USDJPY failed to confirm a break above the 100-DMA late last week and has reversed lower. On Tuesday, the pair has accelerated the retreat from four-month highs after a break below the 105.00 figure that has now turned into the key resistance. The dollar was last seen trading around 104.60, not far from late-January lows set earlier in the day. It looks like the pair could extend the downside correction further while targeting the 104.40 zone where the 100-DMA, followed by the 200-DMA lies. if these moving averages withstand the pressure, a bounce could be expected.
The Kiwi surged to one-month highs around 0.7250 in recent trading. The short-term technical picture has improved further after a recovery above the 20-DMA, today at 0.7180. If the mentioned tops give up any time soon, the prices could target the 0.7300 handle for the first time since January 7th. However, the New Zealand dollar could lack the upside momentum to extend the current rally that may lose steam in the short term. Furthermore, the bullish bias in the near-term charts has been waning already, suggesting NZDUSD could get back below the 0.7200 handle by the end of the day, with the mentioned 20-DMA remaining in market focus for now.

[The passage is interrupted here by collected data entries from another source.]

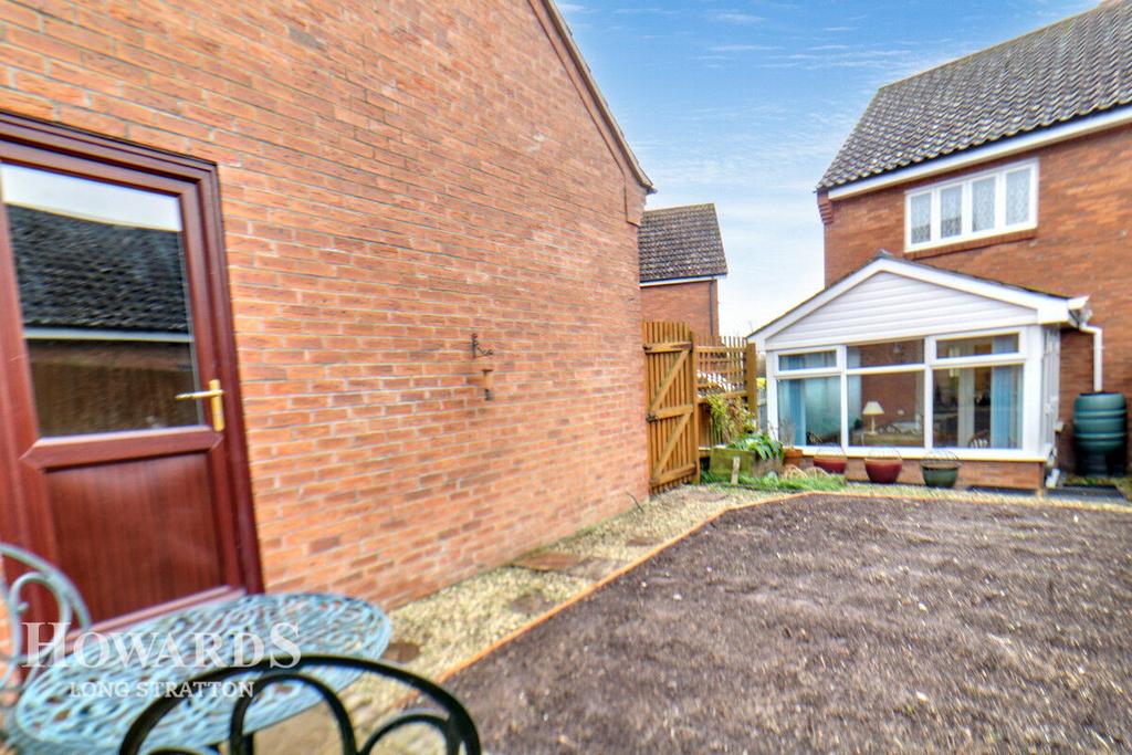 Laid to lawn garden with two patio area's, upvc double glazed personal access door to garage, the garage has power, lighting, loft access space, electric garage door and a brick weave drive to the front of the garage.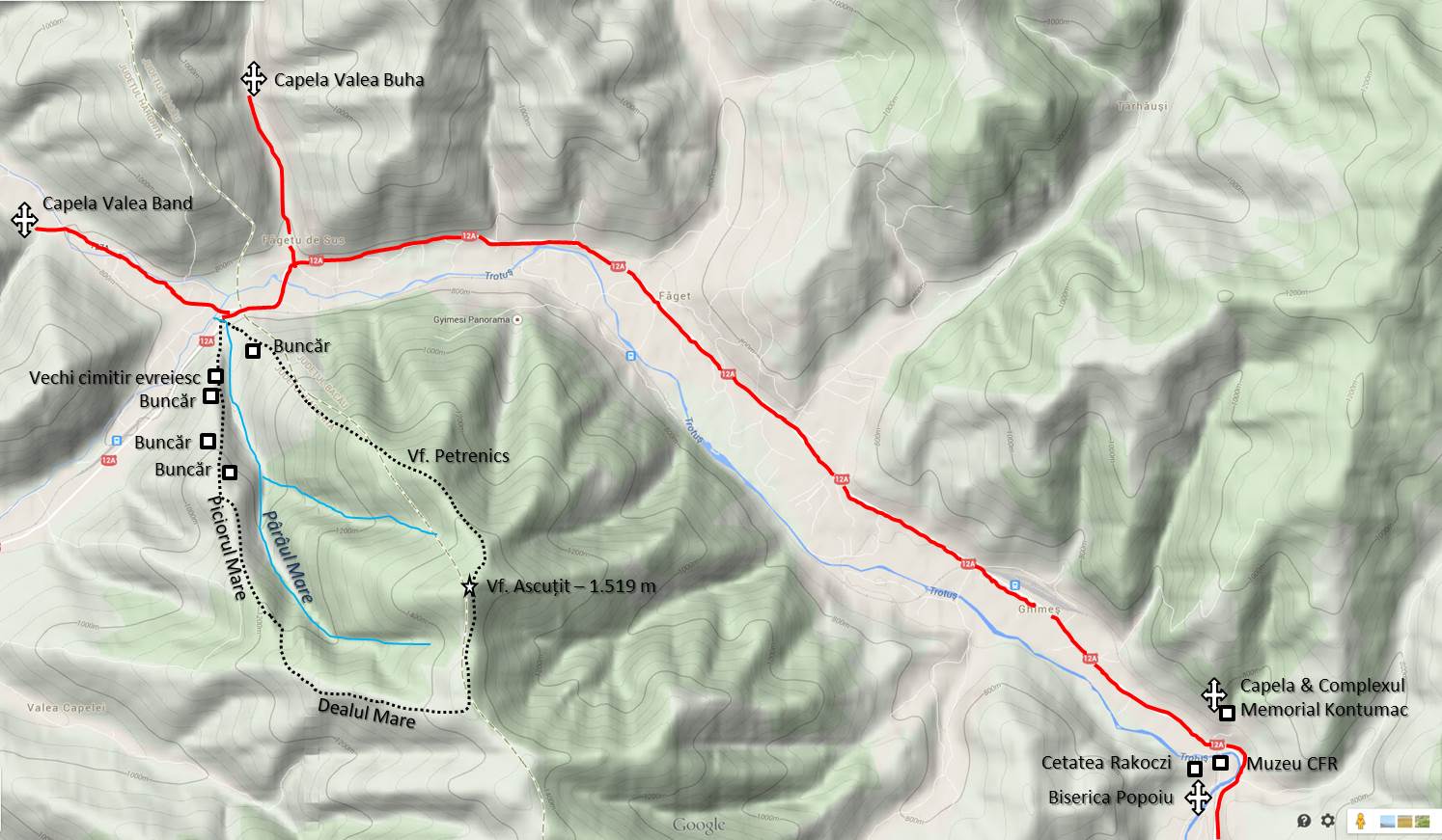 Traseu: Lunca de Jos [Capela Valea Buha, capela Valea Band] – Gura Văii Reci – Piciorul Mare (vechiul cimitir evreiesc, cazemate) – Dl. Mare – Vf. Ascuțit – Mt. Petrenics (cazemată) – Gura Văii Reci – Ghimeș [Cetatea Rakoczi, Capela & Complexul Memorial Kontumac]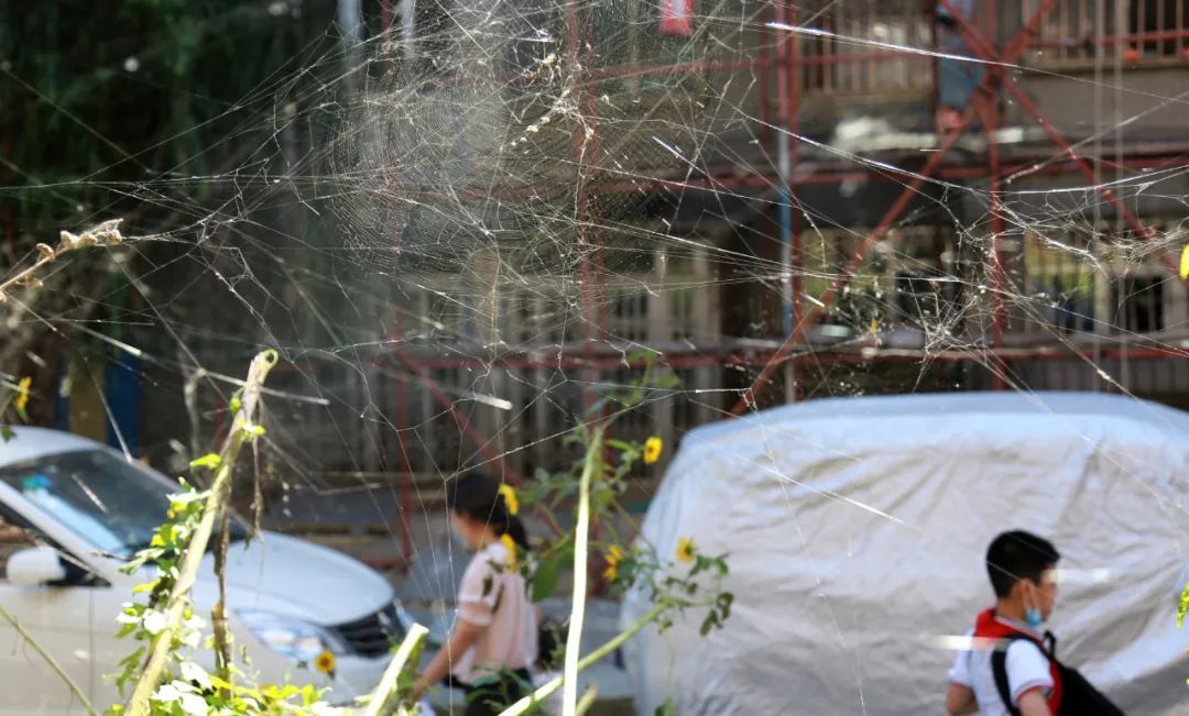 小区绿化带到处都是蜘蛛网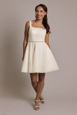 A moment for the dress, please! This allover glitter A-line catches every eye (and light!) in the room, complete with a trending square neckline and rhinestone embellished belt.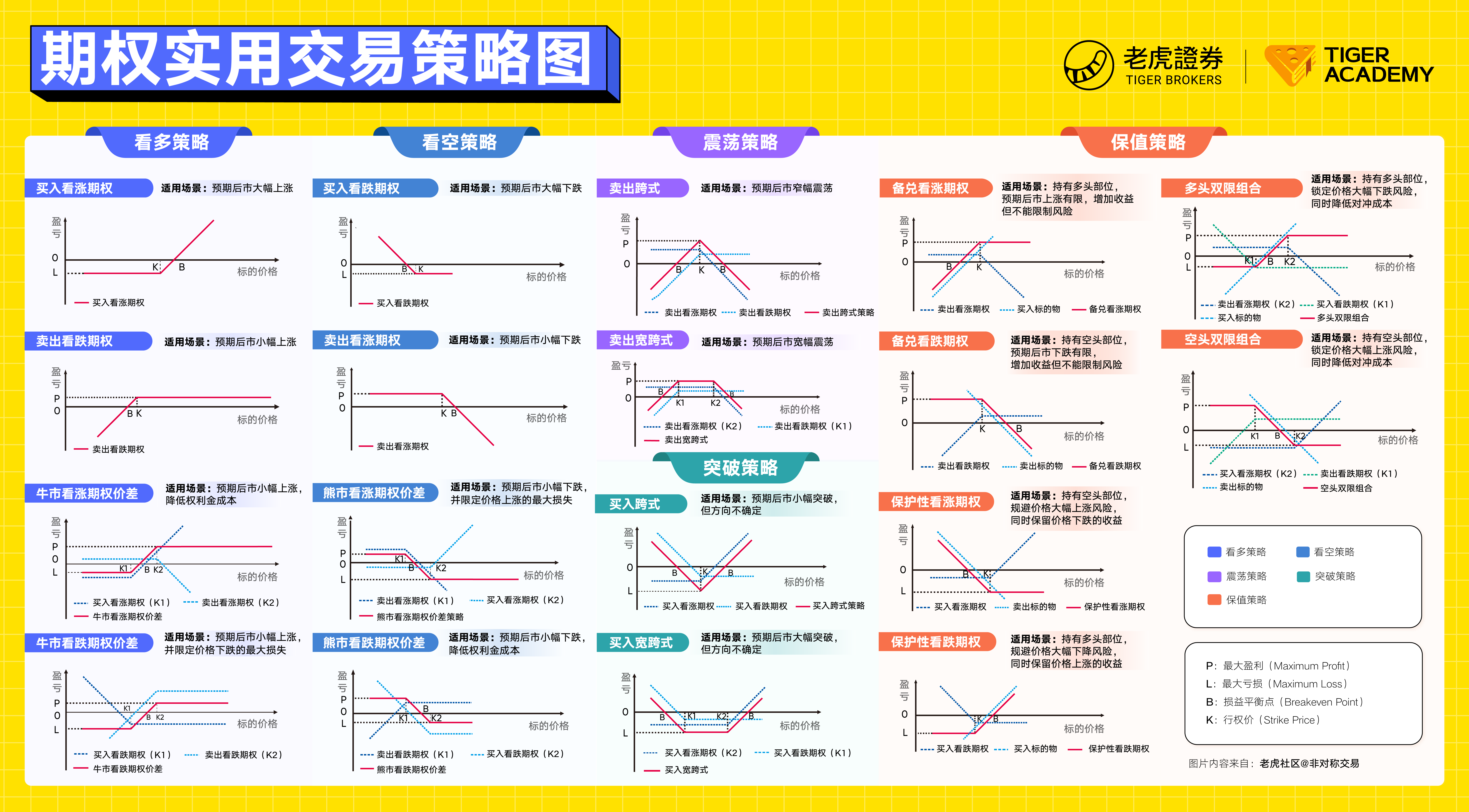 看到下面这张图了吗?如何在不同的场景下选择更多合适的期权策略呢?后面的内容,芝士虎会带你学习来逐一搞定 。

USDCAD has been trending lower for the third session in a row on Tuesday. Early in Asia, the pair dipped below the 20-DMA that has turned into resistance for the first time in three weeks. As a result, the daily RSI has turned even lower but still stays in the neutral territory, suggesting there is room for further downside in the short term. As of writing, the pair was changing hands around two-week lows in the 1.2715 area. If the selling pressure intensifies any time soon, the prices could slip below the 1.2700 figure and thus retarget the 1.2680 area. On the hourly charts, USDCAD has settled below the 20-SMA while the RSI is about to enter the oversold territory.